March 18, 2025
Education News Canada

A GLOBAL RESOURCE OF STRATEGIES TO SOLVE URBAN PROBLEMS
Research reveals how cities develop resilience through grassroots engagement

March 18, 2025

Cities the world over are seeing greater disruption because of climate change. Close to home, Canadians had a summer of flooding and wildfires. 

Addis Ababa Riverside Green Development Project, also known as the Sheger Beautifying Project. This project aims to reduce flooding and pollution as well as to offer green and public space for residents and to create job opportunities.

Social aspects to city life pose challenges as well: In January, Ontarians learned that there are now 25 per cent more people living in shelters or on the street in Ontario than just two years ago. And according to the UN, 75 per cent of cities around the globe have less than 20 per cent of their area dedicated to public spaces and streets. 

So when TMU professor and researcher Christopher Gore connected with fellow researchers on a defunct urban resiliency project, he saw a natural experiment in the making. 

In 2013, the Rockefeller Foundation embarked on an ambitious journey to reshape urban resilience through its 100 Resilient Cities initiative. With the vision to make cities safer, more inclusive and sustainable, the program provided funding and resources for 100 cities worldwide to employ chief resilience officers and develop comprehensive resilience strategies based on a framework developed by the foundation.

The Resiliency project looks at both climate-related resiliency efforts in cities, as well as social ones. Glasgow is one of the 100 original cities that was chosen for the project.

The chosen cities spanned continents, from Toronto to Rotterdam to Addis Ababa, and the strategies these cities developed aimed to make cities more resilient in the face of environmental and social vulnerabilities. 

The initiative addressed the UN's Sustainable Development Goal (SDG) 11: make cities and human settlements inclusive, safe, resilient and sustainable.  

But just six years and $164 million USD later, the foundation unexpectedly shuttered the program, leaving many cities with a resilience playbook and no financial means to deliver the strategies.
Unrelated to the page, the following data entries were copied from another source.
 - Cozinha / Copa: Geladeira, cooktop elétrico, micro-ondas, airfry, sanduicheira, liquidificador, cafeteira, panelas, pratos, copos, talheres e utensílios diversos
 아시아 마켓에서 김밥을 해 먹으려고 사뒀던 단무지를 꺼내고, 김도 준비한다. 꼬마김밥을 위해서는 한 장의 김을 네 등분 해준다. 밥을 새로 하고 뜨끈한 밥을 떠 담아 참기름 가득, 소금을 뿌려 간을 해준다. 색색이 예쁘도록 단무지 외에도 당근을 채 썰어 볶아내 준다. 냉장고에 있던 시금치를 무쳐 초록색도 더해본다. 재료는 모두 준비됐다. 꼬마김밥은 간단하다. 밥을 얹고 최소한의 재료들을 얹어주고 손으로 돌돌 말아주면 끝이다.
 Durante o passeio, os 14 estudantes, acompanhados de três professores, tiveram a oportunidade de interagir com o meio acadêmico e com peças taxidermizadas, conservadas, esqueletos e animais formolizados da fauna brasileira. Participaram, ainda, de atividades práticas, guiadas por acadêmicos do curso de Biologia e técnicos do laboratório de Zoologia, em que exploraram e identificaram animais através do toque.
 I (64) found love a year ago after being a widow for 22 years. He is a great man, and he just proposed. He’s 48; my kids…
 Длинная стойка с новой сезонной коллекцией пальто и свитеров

Instead of packing in the project, Gore and his collaborators - which includes principal investigator Matthew Hoffman from the University of Toronto, Michele Betsill from the University of Copenhagen, Sarah Sharma from University of Ottawa and Laura Tozer from University of Toronto Scarborough - saw it as an opportunity to investigate what happens to these resilience commitments when external support dries up. 
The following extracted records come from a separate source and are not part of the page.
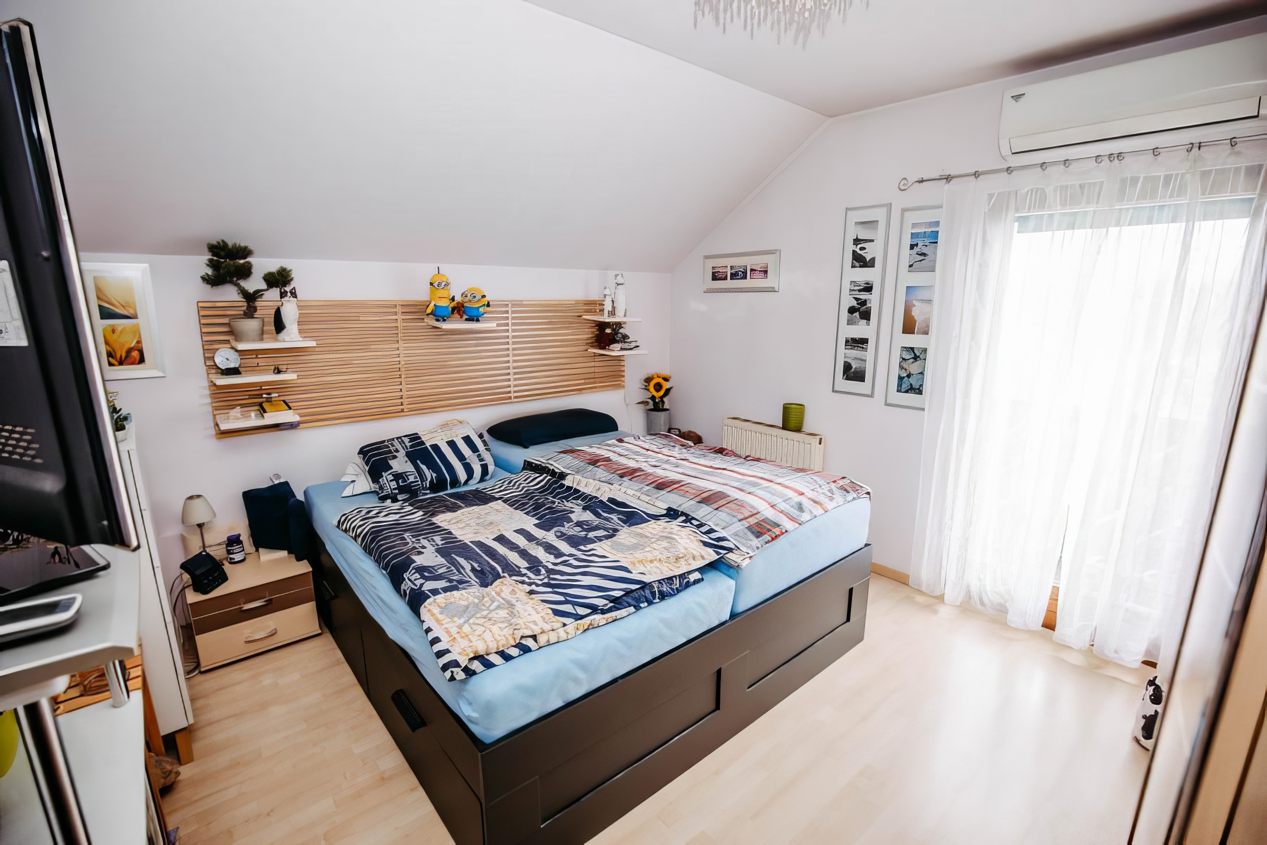 Obergeschoss: 3 Zimmer, davon 2 mit Balkonausgang, Bad + WC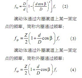 在工程中,这三个通过频率fbp、fip和fop又常被称作滚动轴承的滚动体故障特征频率、内圈故障特征频率和外圈故障特征频率[6]。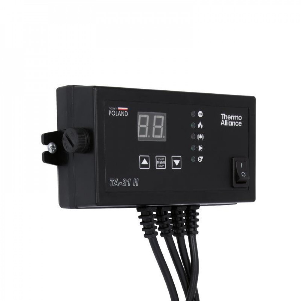 Контролер для котла TA21 Н Thermo Alliance призначений для автоматичного керування вентилятором і циркуляційним насосом системи опалення, забезпечуючи ефективну та безпечну роботу твердопаливного котла. Пристрій підтримує задану температуру води в системі, регулюючи оберти вентилятора, та вмикає насос центрального опалення при досягненні необхідної температури. Простий в налаштуванні та зручний у використанні, контролер допомагає знизити витрати палива та продовжити термін служби обладнання.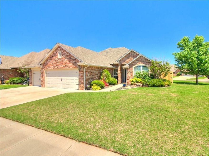 UPDATES HAVE BEEN DONE: New laminate plank flooring in living and office, new carpet in all bedrooms, in-ground shelter, and new fence!!! This beautiful home sits on a corner lot in a established gated community with close proximity to the Turnpike, I40, shopping, restaurants, and businesses. the house has 3 car garage, beautiful landscaping, nice back yard with covered patio. The entrance welcomes you into an open concept living area with corner fireplace and natural sunlight. Kitchen entails granite counter-top, wood cabinets, vented hood, whirlpool appliances, double sink, and a dining area. The office also with new flooring and double doors. The split floor-plan allows for the master suite to be separate from all other bedrooms. Master bath has double vanity, jetted tub, shower, and a larger walk-in closet. Bedrooms are great size with larger closets. Great community which offers community pool, clubhouse, playground, and HOA community events for kids and families.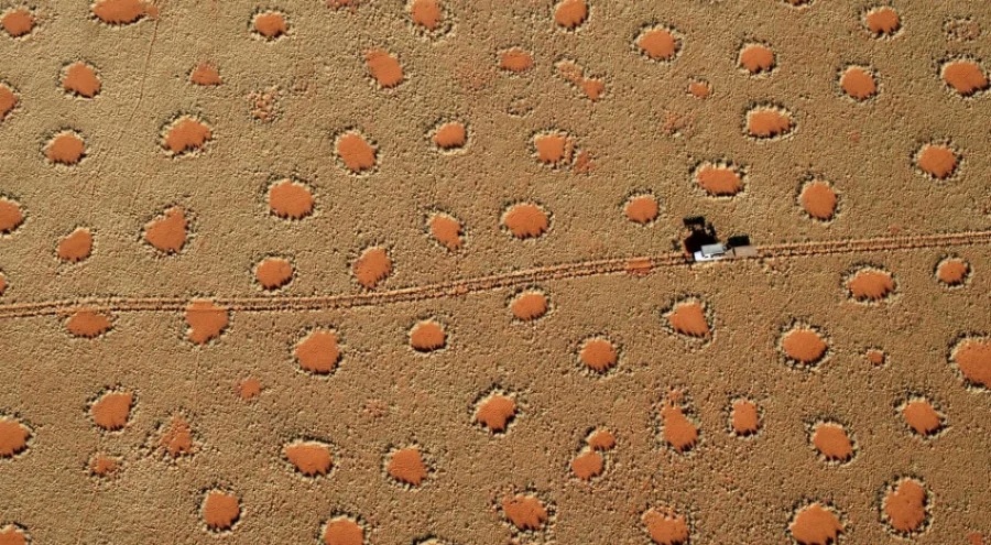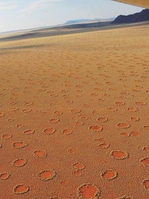 Ces cercles de sol nus entourés par un anneau d’herbe et pouvant atteindre plus de 15 mètres de diamètre s’aperçoivent du sud de l’Angola au nord de l’Afrique du Sud, majoritairement dans le désert de sable rouge de Namibie.

The team's research project is now contributing substantially to the UN's Sustainable Development Goals (SDGs), because it's offering vital insights for urban policymakers globally. By archiving and analyzing city-level strategies, the research team is identifying lessons for municipalities, aiming to lift actionable items from cities who are facing similar challenges.

"This global inventory functions as a resource for cities hoping to understand how other cities with similar challenges are addressing them," Gore says. By comparing strategies, cities can discern which policies are both politically and technically feasible for them.

A natural experiment

"The Rockefeller Foundation's abrupt conclusion of funding was a complete surprise," says Gore. "It presented us with an intriguing natural experiment; suddenly we had the opportunity to say well, what happened? How powerful is this concept?' We were curious about the vitality of resilience concepts at the municipal level beyond the financial incentives."
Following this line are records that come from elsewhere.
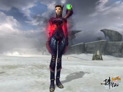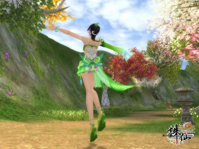 亮眼的绿色是“玉露仙衣”的一大亮点,它让人有种清新的感觉,融进《诛仙》梦幻般的风景中更是犹为惹眼。背部的蝴蝶设计也十分俏丽,仿佛一只翩翩起舞的蝴蝶停歇在这春意盎然的大自然之中,悠闲自在好不快活。这款时装也总能给MM带来无限的好心情,令周遭的气氛变得欢快起来。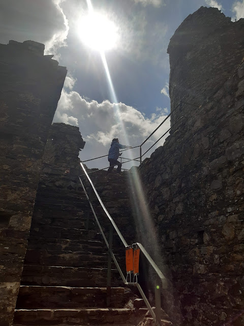 This was our "local" castle at this stay, our caravan park was less than 10 minutes away from this. Much more intact than Laugharne, and as it was mid-week we had the entire place to ourselves! We took our time looking around, although N(6) was really dubious about entering any dark spaces, and was quite keen to get out again. Possibly partly due to being cold again, as well.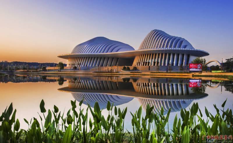 广西文化艺术中心是南宁人的艺术殿堂,设计师将它幻化成秀美的喀斯特山峦,依偎在邕江江畔;中外艺术家则汇聚于此,负责点亮每一个艺术之夜,唤醒你文艺的细胞。婷婷倒影,悠悠乐声,广西文化艺术中心已成南宁市重要的文化地标之一。(南宁市宾阳县纪委监委供图 曾祥忠摄)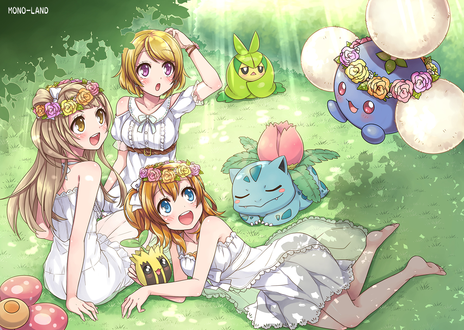 Description: A group of girls laying on the ground next to a pokemon stuffed animal and a balloon with a girl on it.

Their research is exploring the various trajectories cities took post-funding. Gore's team chose 20 cities from the initial 100 with different geographic and economic backgrounds to study to see how they've adapted - or not - to the absence of the 100 RC initiative. To do so, they're employing case studies, social network analyses and deep-dives into the cities' actions.

"We wanted to have global representation in choosing the cities," says Gore. "So we chose cities that were in Europe, North America, Asia, East Asia, Africa and Latin America. We wanted to look at how much cities prioritize an environmental lens versus an equity lens in their conception of resilience." This fits well with SDG 11, Gore says, because it focuses on responses to natural disasters as well as provides for mitigation of vulnerabilities in populations.

The research team chose Toronto as one of the 20 cities they would examine more closely. The city was one that, prior to the initiative, was already doing resilience work.

Specific city case studies

The City of Toronto happened to be one of the original 100 cities chosen for the project, and one of the 20 the research team studied post-funding. 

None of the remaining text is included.